Am I going to one of her shows?
Not on your life Sonny.
One sixty something who does not try to look younger than his years is
the Pirate, the gregarious landlord of the Flagon & Gorses and in fact
contrary to Cher, the Pirate appears more advanced in years than his age. Like Cher the Pirate is also going on tour,
hot trotting to Belgium for a beer junket next weekend. Last weekend I witnessed the unusual sight
of the Pirate sitting in the bar on Saturday night and he seemed relatively
sober to boot, in other words he was more sober than me. It transpired that he had entrusted himself
to serve an Indian meal to revellers in the back room. Once he had stirred the pot in the kitchen he
sat down to a pint and given that he was effectively undertaking the dual tasks
of serving the curry and drinking beer it could be said that he was balti
tasking.
The Pirate now seems to want to exercise editorial control over Lowlife and dictate what does and what
does not appear in the column. Being
slow on the uptake, it has taken the Pirate nine months and 33 episodes of Lowlife to realise that I am likely to
write about his disclosures to me if they are of sufficient interest. He must have taken advice on the matter as
he has implored me numerous times in the last week or so to not publish a
particular comment that he has made.
Conversely, the Pirate has asked me to publicise the pub’s annual
International Talk like a Pirate Day, which this year is on Saturday 21st
September; it is unclear what fee I will be paid for this advertisement but is
unlikely to be sufficient to even purchase a second hand copy of Treasure Island.
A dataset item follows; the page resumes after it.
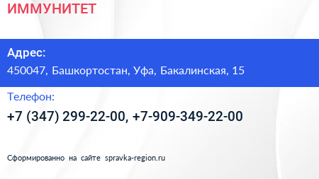 ИММУНИТЕТ по адресу 450047, Башкортостан, Уфа, Бакалинская, 15 в дальнейшем Организация, размещена в следующих категориях: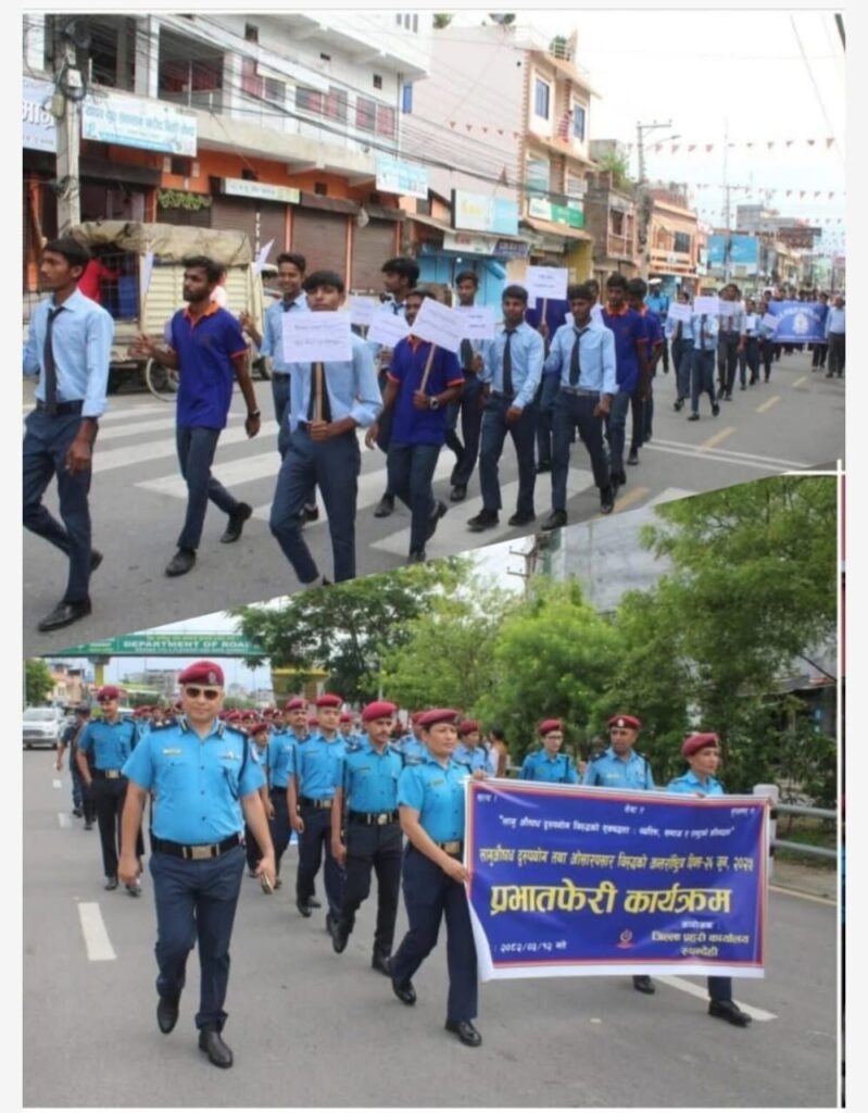 काठमाण्डौ,नेपाल – अंतर्राष्ट्रीय मादक पदार्थ विरोधी दिवस के अवसर पर जिला प्रशासन कार्यालय, रूपन्देही द्वारा भैरहवा में तथा जिला पुलिस कार्यालय, रूपन्देही के सहयोग से नशीली दवाओं के दुरुपयोग और अवैध व्यापार (तस्करी) के खिलाफ एक रैली और सप्ताह भर चलने वाला जन जागरूकता कार्यक्रम सफलतापूर्वक संपन्न हुआ।

Unlike the pirates in Robert Louis Stevenson’s classic I will not be
drinking any rum this evening, despite it being my birthday. It’s supposed to be a non-drinking day, so
that feeling of emptiness will descend at booze o’clock. I bought some Chinese herbal tea to drink the
other week as a booze substitute but it tastes filthy and I don’t know how the
Chinese put up with it; they obviously don’t sell PG Tips in the Orient. I would rather drink smooth pour nitrokeg
Mild than Chinese green tea and that’s saying something. Mind you, I’ve found that oddly the worse the
mild the better it mixes in a black and tan, which is one of those puzzlers
that no one will ever work out.
Vodka, and not rum, is the drink I propose to use for my revolutionary
vodka and veggie burger diet (the V & V diet), an idea that I hatched after
a chance meeting with a bookmark. The
bookmark was kindly supplied to me with compliments by The Book Depository, an
excellent firm who peddle second hand books and despatch them worldwide, even
to Codger Mansions. You will see from
the photograph above of the bookmark [email
and papers versions of this column only – Ed] that there are only 73
calories in a regular veggie burger, whereas there are 279 and 359 calories in
a regular ham burger and cheese burger respectively. The new diet fad appears to be the 5:2 diet
whereby you eat normally five days a week and only consume 600 calories two
days a week. 600 calories means that
one can eat five veggies burgers (one for breakfast, two for lunch, one for tea
and one after the pub) and still have enough calories left to imbibe four
single vodka and slim line tonics. The
idea sounds like a winner to me and if I publish a book on the matter it could
make me more money than the Half Pint to
Heaven book (see Lowlife 33). Unless anyone has any better ideas, the book
could be entitled Veggie Burger for Tea
with a Large VAT!
Given my newly found half pint habit Jolly D has playfully
christened me with the nickname HP, which means I suppose that when I am
cheekily verbally abusing the Pirate it will henceforth be known as HP
sauce.
***** STOP PRESS *****
Flagon Theft, the Pirate Bereft
Just as Lowlife was going to
press I heard news of a break in at the Flagon & Gorses whereby a thief
broke into the pub in the dead of the night in the early hours of Thursday
morning, smashing a window in the bar to gain entry. It sounds like Hazel O’Connor has been at it
again. I was informed by Ung Pirat that
the thief stole the charity bottle, to which I replied, “Just the bottle? You
think that he would have stolen the money contained in the bottle as
well.”
So just as the interior renovations in the Flagon are complete the
Pirate now finds himself having to replace a large window and find a new
charity bottle. Let us just hope that
the thief wounded himself in the act of breaking the window to gain entry. Stealing charity money means the thief is a
genuine lowlife and it makes one wonder whether it was someone who has attended
the pub and knew that the bottle was there.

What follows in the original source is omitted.